14 billion now... How much by the time its done?
========================================

Should not be appreciably more since the rules have changed.

What drove the price up before was that the anti-nukes could block the operation of
the completed plant with lawsuits.

Under the USA's old rules for licensing, the utility first got a construction permit, probably
having to fight the anti-nukes in Court to do so; and then it could build the plant.

During the building of the plant, the utility accesses the construction loan, so the clock is
ticking on the interest it owes on the money. When the plant has been completed, the
utility had to apply for an "operating license". That was another federal decision that
could be challenged in the Courts. So when the utility had expended the proceeds of the
loan in building the plant, it couldn't operate the plant because it didn't have a license. It
had to fight another round in the Courts, which could take many years if not more than a
decade. All along, they just added the carrying charges to the loan; which is why the
costs spiraled.

A few years ago, Congress changed the licensing provisions. Now a utility gets a "Combined
Construction / Operating License" or CCOL. Essentially, the NRC gives the utility a license to
operate the plant when it gives the license to construct - they are ONE and the SAME.

So when the utility fights in Court with the anti-nukes; it is over this combined license.

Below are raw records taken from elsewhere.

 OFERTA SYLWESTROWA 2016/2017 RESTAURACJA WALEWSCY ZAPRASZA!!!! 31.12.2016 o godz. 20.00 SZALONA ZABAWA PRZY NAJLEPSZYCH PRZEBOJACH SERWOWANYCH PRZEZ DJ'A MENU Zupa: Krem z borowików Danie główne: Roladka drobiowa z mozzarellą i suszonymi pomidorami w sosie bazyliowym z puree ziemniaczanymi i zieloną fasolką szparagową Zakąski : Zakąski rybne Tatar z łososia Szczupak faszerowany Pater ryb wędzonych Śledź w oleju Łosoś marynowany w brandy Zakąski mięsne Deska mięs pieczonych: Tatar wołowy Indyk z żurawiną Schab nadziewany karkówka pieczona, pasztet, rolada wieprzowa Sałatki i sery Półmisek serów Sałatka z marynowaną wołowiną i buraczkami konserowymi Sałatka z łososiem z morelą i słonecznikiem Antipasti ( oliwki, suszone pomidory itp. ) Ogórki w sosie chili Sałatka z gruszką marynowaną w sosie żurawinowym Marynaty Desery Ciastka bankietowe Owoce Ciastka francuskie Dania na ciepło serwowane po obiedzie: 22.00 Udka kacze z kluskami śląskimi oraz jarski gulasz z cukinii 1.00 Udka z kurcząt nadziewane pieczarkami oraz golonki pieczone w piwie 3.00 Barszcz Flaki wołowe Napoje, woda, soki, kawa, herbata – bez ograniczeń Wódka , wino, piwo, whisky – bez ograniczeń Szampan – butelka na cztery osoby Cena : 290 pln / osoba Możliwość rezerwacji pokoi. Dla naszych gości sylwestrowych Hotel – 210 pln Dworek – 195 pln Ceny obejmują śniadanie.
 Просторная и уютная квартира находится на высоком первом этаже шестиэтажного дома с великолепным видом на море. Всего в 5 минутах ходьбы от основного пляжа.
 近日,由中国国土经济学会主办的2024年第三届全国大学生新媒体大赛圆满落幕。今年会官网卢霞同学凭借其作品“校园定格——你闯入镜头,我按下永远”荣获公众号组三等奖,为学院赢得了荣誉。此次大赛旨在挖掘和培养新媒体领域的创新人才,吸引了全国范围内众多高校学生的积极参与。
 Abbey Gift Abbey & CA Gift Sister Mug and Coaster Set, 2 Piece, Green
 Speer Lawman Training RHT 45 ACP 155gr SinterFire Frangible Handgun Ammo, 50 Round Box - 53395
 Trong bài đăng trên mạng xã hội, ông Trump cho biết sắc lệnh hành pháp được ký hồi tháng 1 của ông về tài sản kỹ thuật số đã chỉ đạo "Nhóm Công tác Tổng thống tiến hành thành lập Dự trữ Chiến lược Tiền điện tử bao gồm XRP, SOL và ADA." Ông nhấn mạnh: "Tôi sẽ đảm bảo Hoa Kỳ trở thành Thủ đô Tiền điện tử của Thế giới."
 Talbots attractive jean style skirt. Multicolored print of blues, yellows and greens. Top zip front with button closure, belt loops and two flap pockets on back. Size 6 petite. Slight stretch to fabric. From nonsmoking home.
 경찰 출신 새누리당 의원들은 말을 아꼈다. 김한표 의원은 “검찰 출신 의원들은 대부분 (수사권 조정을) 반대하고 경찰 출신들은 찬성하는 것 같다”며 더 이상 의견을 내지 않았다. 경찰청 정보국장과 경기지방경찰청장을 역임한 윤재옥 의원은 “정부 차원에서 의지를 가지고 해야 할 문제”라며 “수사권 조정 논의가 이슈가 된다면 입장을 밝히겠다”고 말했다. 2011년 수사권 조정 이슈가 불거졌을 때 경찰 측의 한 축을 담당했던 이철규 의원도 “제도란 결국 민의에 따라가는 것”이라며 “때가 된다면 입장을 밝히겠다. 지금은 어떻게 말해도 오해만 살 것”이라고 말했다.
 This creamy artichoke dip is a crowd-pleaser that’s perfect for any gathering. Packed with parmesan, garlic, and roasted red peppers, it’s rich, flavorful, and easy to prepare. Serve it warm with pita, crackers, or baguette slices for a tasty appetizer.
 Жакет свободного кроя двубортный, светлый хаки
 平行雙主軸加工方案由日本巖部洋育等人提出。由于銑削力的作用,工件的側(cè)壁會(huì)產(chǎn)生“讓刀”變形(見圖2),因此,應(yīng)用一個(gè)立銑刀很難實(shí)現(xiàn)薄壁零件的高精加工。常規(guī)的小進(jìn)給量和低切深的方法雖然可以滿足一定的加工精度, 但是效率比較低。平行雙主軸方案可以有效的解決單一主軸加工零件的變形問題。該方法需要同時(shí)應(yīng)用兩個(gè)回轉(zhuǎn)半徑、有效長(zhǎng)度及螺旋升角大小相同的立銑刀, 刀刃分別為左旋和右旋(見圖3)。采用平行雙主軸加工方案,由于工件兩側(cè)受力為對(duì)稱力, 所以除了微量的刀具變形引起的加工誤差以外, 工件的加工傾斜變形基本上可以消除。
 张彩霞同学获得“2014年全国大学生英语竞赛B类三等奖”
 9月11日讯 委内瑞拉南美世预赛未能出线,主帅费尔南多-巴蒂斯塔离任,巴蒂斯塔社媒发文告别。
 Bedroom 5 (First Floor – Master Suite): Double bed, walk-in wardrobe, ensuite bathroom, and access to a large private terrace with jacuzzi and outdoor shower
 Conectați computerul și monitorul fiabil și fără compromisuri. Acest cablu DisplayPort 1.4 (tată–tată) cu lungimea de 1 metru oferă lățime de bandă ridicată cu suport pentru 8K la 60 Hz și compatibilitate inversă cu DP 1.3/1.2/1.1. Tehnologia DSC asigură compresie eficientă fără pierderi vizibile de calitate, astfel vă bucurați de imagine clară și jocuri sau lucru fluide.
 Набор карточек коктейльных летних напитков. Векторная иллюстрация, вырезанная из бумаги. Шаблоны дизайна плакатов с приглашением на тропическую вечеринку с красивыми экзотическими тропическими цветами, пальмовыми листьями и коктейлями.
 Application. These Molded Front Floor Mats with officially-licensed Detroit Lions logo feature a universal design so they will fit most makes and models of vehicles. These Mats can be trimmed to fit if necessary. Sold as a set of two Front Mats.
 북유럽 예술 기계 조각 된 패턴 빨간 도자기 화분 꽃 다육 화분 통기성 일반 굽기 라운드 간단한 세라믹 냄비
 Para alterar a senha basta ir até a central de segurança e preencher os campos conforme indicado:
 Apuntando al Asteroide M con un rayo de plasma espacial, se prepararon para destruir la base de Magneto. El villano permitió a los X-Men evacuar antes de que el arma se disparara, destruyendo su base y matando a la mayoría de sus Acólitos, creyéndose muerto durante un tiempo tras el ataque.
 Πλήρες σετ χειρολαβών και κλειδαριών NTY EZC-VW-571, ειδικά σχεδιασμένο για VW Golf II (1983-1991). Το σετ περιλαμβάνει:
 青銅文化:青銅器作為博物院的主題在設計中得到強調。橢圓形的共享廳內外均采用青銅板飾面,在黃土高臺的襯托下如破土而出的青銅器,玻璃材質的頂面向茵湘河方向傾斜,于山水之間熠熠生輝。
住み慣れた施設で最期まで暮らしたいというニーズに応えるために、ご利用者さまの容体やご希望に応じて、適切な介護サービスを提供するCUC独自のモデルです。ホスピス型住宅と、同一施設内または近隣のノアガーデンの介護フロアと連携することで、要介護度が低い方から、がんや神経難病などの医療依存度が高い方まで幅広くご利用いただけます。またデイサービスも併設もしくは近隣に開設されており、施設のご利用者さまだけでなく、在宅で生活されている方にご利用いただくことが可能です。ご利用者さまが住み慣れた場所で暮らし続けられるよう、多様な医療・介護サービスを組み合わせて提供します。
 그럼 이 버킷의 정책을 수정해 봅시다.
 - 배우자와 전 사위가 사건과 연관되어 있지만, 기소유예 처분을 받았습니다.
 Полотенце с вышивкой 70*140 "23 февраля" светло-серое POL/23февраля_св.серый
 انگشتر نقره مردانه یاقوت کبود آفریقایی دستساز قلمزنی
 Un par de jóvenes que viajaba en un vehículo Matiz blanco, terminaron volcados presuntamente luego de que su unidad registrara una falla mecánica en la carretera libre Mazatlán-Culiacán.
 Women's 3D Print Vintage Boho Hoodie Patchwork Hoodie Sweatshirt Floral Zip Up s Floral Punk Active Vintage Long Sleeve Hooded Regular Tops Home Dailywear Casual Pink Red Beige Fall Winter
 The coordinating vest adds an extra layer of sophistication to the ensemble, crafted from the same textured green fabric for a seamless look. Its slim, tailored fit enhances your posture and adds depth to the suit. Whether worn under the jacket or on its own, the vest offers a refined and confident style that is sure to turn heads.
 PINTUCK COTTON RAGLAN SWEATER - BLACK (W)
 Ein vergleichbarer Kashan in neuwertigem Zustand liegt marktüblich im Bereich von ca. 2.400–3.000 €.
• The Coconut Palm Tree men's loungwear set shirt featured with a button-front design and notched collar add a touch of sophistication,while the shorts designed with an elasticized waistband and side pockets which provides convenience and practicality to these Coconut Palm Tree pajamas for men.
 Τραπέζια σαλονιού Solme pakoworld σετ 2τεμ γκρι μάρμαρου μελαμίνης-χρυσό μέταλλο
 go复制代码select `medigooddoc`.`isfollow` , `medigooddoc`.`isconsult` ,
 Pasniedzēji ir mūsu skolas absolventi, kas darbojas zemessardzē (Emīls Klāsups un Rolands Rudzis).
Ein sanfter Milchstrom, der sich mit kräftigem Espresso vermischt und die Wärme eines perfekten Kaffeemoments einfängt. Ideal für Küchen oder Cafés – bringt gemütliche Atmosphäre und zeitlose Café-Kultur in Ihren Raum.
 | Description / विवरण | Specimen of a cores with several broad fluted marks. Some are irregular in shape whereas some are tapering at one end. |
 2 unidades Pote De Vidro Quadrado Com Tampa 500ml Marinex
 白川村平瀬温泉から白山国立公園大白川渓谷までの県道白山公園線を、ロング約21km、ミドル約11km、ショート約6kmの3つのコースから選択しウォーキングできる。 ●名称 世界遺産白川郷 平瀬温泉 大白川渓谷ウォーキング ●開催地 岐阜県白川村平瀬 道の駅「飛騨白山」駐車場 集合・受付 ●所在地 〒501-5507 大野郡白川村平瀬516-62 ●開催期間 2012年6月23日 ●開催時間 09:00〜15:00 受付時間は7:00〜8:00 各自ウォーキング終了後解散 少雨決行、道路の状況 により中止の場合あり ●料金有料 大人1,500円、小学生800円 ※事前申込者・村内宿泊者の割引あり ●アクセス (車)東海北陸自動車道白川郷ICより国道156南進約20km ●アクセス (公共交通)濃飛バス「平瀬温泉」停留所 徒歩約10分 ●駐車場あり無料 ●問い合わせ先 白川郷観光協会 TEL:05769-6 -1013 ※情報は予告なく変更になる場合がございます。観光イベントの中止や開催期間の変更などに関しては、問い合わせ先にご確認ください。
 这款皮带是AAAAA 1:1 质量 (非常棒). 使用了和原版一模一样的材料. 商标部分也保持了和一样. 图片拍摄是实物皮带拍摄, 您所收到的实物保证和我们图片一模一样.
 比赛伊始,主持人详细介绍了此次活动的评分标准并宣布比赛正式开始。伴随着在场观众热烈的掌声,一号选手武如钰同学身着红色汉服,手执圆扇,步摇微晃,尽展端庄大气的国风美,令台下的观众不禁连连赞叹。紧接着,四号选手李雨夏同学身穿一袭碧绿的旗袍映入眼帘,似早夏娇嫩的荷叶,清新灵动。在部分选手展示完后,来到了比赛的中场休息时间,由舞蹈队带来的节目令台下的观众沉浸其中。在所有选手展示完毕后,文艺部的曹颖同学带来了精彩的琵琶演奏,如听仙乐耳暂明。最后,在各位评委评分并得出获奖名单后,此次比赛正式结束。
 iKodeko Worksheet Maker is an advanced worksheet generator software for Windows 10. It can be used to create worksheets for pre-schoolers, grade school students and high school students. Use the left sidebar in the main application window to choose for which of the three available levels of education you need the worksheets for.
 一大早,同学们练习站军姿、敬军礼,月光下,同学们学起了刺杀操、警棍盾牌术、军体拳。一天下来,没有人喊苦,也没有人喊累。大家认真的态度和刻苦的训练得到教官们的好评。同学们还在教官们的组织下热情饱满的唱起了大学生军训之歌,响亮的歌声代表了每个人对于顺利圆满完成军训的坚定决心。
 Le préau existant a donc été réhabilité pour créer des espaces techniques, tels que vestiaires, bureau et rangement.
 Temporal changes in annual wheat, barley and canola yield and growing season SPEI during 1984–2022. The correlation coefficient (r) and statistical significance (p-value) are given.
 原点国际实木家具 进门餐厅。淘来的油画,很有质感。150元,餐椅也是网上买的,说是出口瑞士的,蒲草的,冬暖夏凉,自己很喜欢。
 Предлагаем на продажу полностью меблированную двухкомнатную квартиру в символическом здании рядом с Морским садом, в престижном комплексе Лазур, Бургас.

When the utility prevails, and builds the plant, as soon as the NRC certifies that the plant was
built to spec; the utility can begin to operate it because they are already licensed. They don't
have to go back to the Government to get permission.

Additionally it means the anti-nukes can't go to Court; because the Court already decided the
issue for the combined license; and the Courts don't let you attempt to rehash something that
they've already decided on. You get your day in trial court, and you appeal it as far as you can.
However, once the Courts have ruled against you, the decision stands.

Additionally, even if the anti-nukes attempted to file; the utility HAS an operating license and
can fire up the plant, make money, and pay off the loan. Under the new law, the anti-nukes
don't have the power they once had in the Courts. Congress clipped their wings.

PamW

txlibdem

(6,183 posts)
18. Cost overruns would be a good DISincentive to anti-nuker activists litigation
Mon Jan 30, 2012, 12:36 PM
Jan 2012

since the only people they are hurting would be the ratepayers and the taxpayers.

But then the ratepayers and taxpayers are hurt any time a nuclear power plant is stopped -- because two or three coal fired power plants go up instead. Burning coal has been shown by the World Health Organization to kill 2 million people each year.

But they don't care about that. They just want to be zealots and fight for their petty little cause. Never mind that they have cost the lives of nearly 60 million people so far by helping the coal lobbyists get coal fired plants built everywhere. Never mind that the closed spent coal mines are leaking out tons of hydrofluoric acid and other acidic compounds into lakes and streams that feed into the Chatahoochie river, making hundreds of miles of streams deadly (too acidic) to ANY forms of life.

All some people care about is winning their little fight and to hell with the consequences for the health of our citizens. These people who have stopped nuclear power plants are DIRECTLY responsible for part of the devastation and DEATHS caused by Global Climate Change.

Be proud of yourselves. You've accomplished *so* much for the fossil fuels industry. Hooray for you.